I mean, obviously there’s the ‘if you want kids, there is an obvious way to do that’ factor where going for a lifestyle that excludes having children then gets corrected back. But I don’t react in the same visceral way to gay adoption, or lesbians getting pregnant through whatever method(Craigslist rando, IVF, sperm donor).
I think it’s the buying people. Child trafficking in adoption is a serious problem that all sorts of people put effort into avoiding, albeit not particularly successfully. On the other hand, the homosexual men using surrogates are blatantly buying a child.
The linked photograph doesn't do anything to dispel that notion either — the woman is shot to be functionally anonymous, an interchangeable rent-a-womb in the background. You get the feeling that as soon as she gives birth, she'd be shoved out of the picture entirely, possibly before she's fully recovered. But she's the most important part of the whole thing! None of this happens without her, and so instead I see a celebration of two men's narcissism, and have the uneasy feeling that the impending new life is going to be treated like a teacup dog or other fashionable accessory.

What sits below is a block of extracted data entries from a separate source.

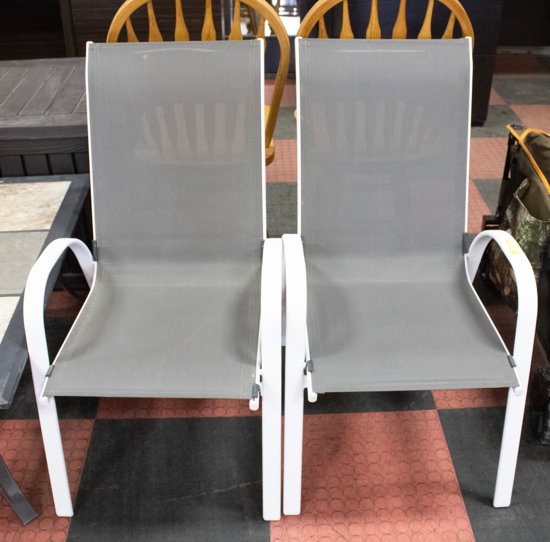 PAIR OF SHOWHOME GREY & WHITE PATIO CHAIRS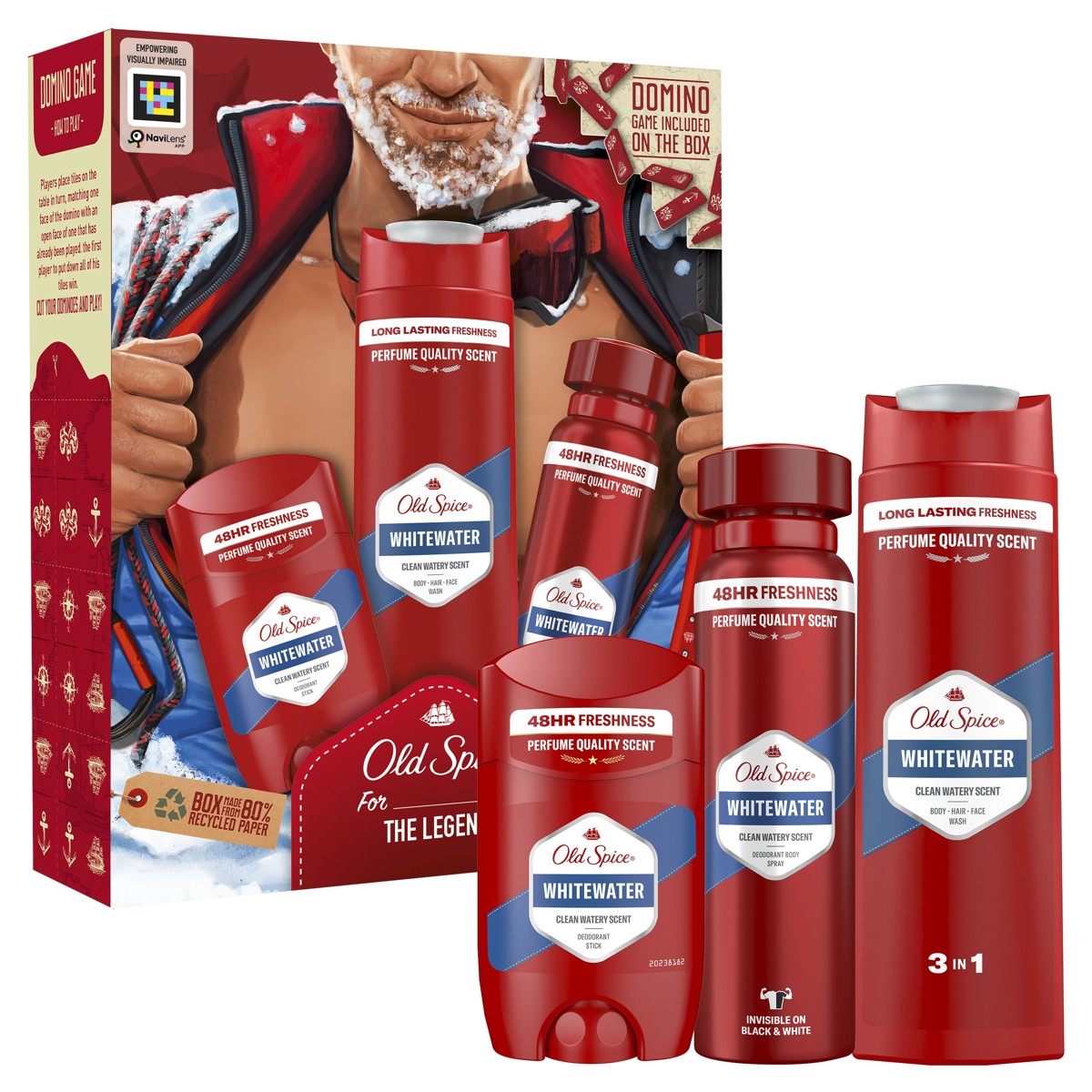 Tražite li savršen poklon za njega, darovni kompleti Old Spice pravo su rješenje. Darovni kompleti za muškarce Old Spice najbolji su izbor kada želite zadiviti modernog muškarca jer je jednostavno nemoguće pogriješiti s neodoljivim muževnim mirisima Old Spice. Darovni komplet Alpinist Old Spice sadrži dezodorans u stiku Whitewater, dezodorans u spreju Whitewater i gel za tuširanje Whitewater. Proizvodi dolaze u kartonskoj kutiji s dizajnom Alpinist koja uključuje uradi-sam domino. Samo izrežite dijelove sa strana kutije i uživajte. Proizvodi u darovnom kompletu Alpinist donose miris Whitewater za muškarce s blistavim notama limuna i limete u čistoj, zaokruženoj bazi. Naposljetku, omot darovnog kompleta izrađen je od 80% recikliranog papira i materijala iz odgovornih izvora s certifikatom FSC. Kako to da ovaj darovni komplet Old Spice za muškarce nije već u vašoj košarici?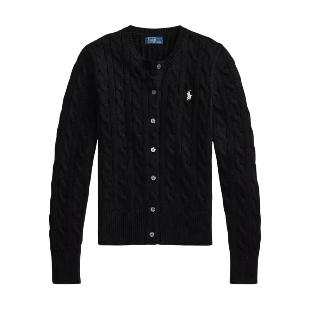 Ralph Lauren Cable Knit Cardigan med Knapper og Rund Halsudskæring kombinerer klassisk kabelstrikstruktur med praktiske knaplukninger for nem lag-på-lag påklædning. Designet til hverdagsbrug og tilføjer struktureret varme, mens den fremviser brandets broderede logo. Vigtige egenskaber: Sort | Knaplukning | Rund hals | Lange ærmer | Kabelstrik | Broderet logo

And there are enough examples of pairs of gay paedophiles adopting children to abuse them or rent them back out that it pattern-matches in unfortunate ways. Example 1, example 2. This is culture war red meat and Chinese Cardiologist stuff, so it's hard to draw well-founded conclusions in either direction. However, it is interesting that the couple in the second example were written up by Australia's national public broadcaster in a very flattering article on gay parenthood-by-surrogacy and "can you believe it's this hard for them to be parents"? (The author of the Quadrant article in example 2 was unaware of the wayback machine — archived ABC link.) When the "happy dads" who get the fawning news article turn out to be child abusers, you can see why some people jump to conclusions.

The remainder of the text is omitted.